The debate among the early modern political philosophers over the state of nature can be settled by modern evolutionary anthropology. Over the years, I have argued on this blog that this is an example of how evolutionary anthropology can clarify, and perhaps even resolve, disputes in the history of political philosophy.
Evolutionary anthropologists studying the evolution of war and peace have been divided into Hobbesians who believe that our hunter-gatherer ancestors were naturally violent and warlike and Rousseauans who believe that hunter-gatherers were naturally peaceful. But in setting up this debate as Hobbes versus Rousseau, they have overlooked the position of Locke. This is a serious mistake, because the weight of the evidence and argumentation on this issue today is on the side of Locke's account of the state of nature as a state of peace that tended to become a state of war. It seems now that while Hobbes was partly right and partly wrong about the state of nature, Rousseau was mostly wrong, and Locke was mostly right.
As I have indicated in some previous posts, Azar Gat is one of the leading scholars defending the Hobbesian side of this debate and criticizing the Rousseauan side. He concedes, however, that Hobbes was wrong on some points, because he failed to see that our hunter-gatherer ancestors were social animals and not solitary individuals, and that they were capable of living in peace for long periods of time, despite their propensity to violence and war. Gat does not recognize that Locke was closer to the truth about the evolutionary state of nature than either Hobbes or Rousseau, and that the Hobbesians and Rousseauans today have been moving towards agreement on the Lockean account of the state of nature.
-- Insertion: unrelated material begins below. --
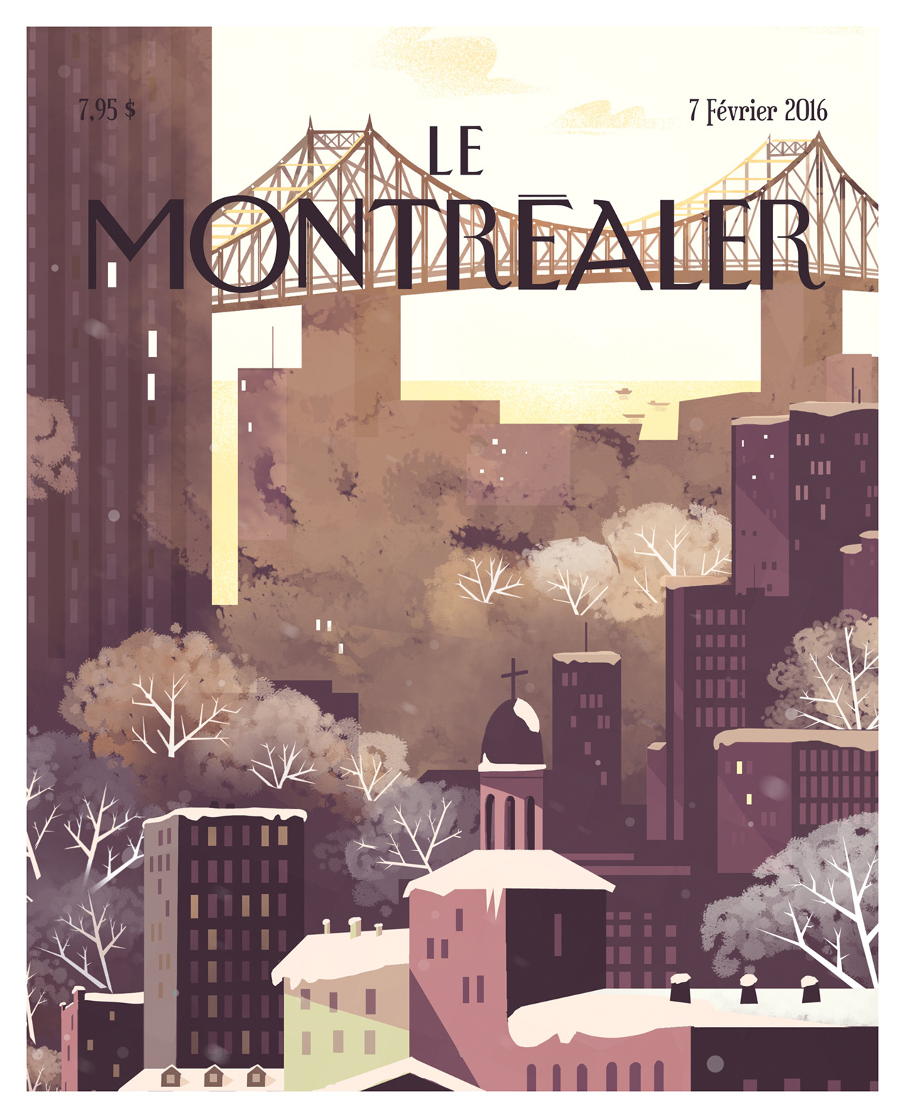 J’ai accepté de participer au projet, car l’idée de faire partie d’une exposition célébrant la ville de Montréal, ses beautés et ses particularités me plaisait beaucoup. Avec cette illustration, j’ai voulu représenter la profondeur d’un matin glacial qui se lève sur la ville, avec en arrière-plan le pont Jacques-Cartier qui relie Montréal à la ville de Longueuil sur la Rive-Sud. Par la suite, elle est devenue une carte de souhaits illustrant l’hiver montréalais. J’ai d’abord fait des recherches photographiques sur l’architecture et les ponts de la ville et, après plusieurs croquis de composition et tests d’ambiances givrées, voilà le résultat !

Gat elaborated his reasoning in his 2006 book War in Human Civilization (Oxford University Press). Now he has restated some of this reasoning and surveyed some of the most recent research in an article that has just been published--"Proving Communal Warfare Among Hunter-Gatherers: The Quasi-Rousseauan Error," Evolutionary Anthropology, 24 (May/June, 2015): 111-126.
In this article, he shows that the Rousseauans have been retreating from Rousseau over the past 30 years, because the scientific evidence against the Rousseauan state of nature has been accumulating to the point that it cannot be ignored. He shows that the Rousseauans have moved through three positions.
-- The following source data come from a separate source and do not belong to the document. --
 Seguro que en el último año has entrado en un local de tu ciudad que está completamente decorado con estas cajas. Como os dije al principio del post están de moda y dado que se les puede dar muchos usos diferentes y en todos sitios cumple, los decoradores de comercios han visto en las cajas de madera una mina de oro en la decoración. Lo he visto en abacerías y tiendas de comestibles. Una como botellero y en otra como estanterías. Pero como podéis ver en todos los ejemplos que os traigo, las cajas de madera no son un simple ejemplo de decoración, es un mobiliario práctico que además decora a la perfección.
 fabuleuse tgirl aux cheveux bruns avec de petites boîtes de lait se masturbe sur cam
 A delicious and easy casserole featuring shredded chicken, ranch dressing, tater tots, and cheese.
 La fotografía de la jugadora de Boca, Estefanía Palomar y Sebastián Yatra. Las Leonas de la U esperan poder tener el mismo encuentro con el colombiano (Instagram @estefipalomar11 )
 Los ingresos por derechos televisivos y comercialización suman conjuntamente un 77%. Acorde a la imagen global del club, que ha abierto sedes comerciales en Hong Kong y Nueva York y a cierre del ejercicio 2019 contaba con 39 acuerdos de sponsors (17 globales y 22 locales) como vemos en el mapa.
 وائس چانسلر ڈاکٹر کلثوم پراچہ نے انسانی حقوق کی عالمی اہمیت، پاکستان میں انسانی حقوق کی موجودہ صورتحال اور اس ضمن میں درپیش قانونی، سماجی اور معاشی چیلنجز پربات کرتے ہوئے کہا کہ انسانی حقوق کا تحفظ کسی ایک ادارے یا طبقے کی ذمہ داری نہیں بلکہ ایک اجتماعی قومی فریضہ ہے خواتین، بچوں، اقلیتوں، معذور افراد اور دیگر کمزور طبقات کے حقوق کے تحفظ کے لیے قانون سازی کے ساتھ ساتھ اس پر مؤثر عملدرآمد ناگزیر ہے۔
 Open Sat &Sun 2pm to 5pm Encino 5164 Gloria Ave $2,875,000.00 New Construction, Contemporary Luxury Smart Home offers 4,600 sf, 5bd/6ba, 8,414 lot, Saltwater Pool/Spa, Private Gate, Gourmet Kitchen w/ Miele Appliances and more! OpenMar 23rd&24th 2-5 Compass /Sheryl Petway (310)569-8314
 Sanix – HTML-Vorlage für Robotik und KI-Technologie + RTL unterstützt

First, they embraced Classical Rousseauism, which was Rousseau's original claim that human beings in the state of nature were totally peaceful, until the settlement into sedentary and agricultural life, which brought violent conflict.
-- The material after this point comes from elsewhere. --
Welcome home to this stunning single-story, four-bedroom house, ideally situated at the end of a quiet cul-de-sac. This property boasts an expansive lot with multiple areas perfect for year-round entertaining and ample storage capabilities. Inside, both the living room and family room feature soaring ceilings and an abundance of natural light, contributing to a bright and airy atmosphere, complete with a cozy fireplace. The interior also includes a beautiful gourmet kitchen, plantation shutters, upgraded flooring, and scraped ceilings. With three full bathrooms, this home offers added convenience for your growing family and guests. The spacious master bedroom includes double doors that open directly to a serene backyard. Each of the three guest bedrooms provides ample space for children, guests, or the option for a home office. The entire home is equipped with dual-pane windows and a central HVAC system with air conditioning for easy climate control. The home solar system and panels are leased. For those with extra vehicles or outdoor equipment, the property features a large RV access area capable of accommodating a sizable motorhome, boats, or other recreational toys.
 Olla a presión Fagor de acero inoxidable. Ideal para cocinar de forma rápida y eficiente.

Second, they adopted Extended Rousseauism, which claimed that serious violence did not arise until the emergence of centralized states. This position is associated with the "tribal zone theory," according to which simple hunter-gatherers and complex hunter-gatherers and horticulturalists did not become violent until they came into contact with intrusive states. So, for example, the Yanomamo people of the Amazonian rain forest, whom Napoleon Chagnon made famous as the "fierce people," were said by Brian Ferguson to show the effects of a century of violent conflicts with European invaders.
Finally, most recently, the Rousseauans have adopted a Quasi-Rousseauism that breaks totally with Rousseau, because they concede that hunter-gatherers in the state of nature show the violence of homicide and feuds, and yet the Rousseans insist that this violence is not war. Therefore, they can argue that war in the strict sense is not natural for human beings, but is a purely cultural invention of the states that began to appear around 5,000 years ago. The Quasi-Rousseauans include Raymond Kelly and Douglas Fry.
Gat argues that this Rousseauan retreat from Rousseau is in response to the growing evidence from primatology, archaeology, and ethnography that largely confirms Hobbes's claim that the state of nature is a state of war. As in his book, in surveying the evidence, Gat stresses the importance of Aboriginal Australia as the best natural laboratory for studying the hunter-gatherer way of life.
The primatological evidence includes the evidence for chimpanzee warfare, in which bands of adult male chimps belonging to one chimp community raid the territory of other communities, and if they have the numerical advantage over their opponents, the raiders attack or kill their opponents, and then the raiders return to their community, without suffering any injury to themselves. This kind of behavior is similar to what human hunter-gatherers do when they launch raids, often at night, into the territory of other groups and make surprise attacks on their opponents. Bonobos, however, do not show such violent behavior; and thus the Rousseauans look to the bonobos as their models for our primate ancestry.
The archaeological evidence includes skeletal evidence of injuries or lethal assaults from attacks, ancient weapons and shields, and signs of defensive fortifications.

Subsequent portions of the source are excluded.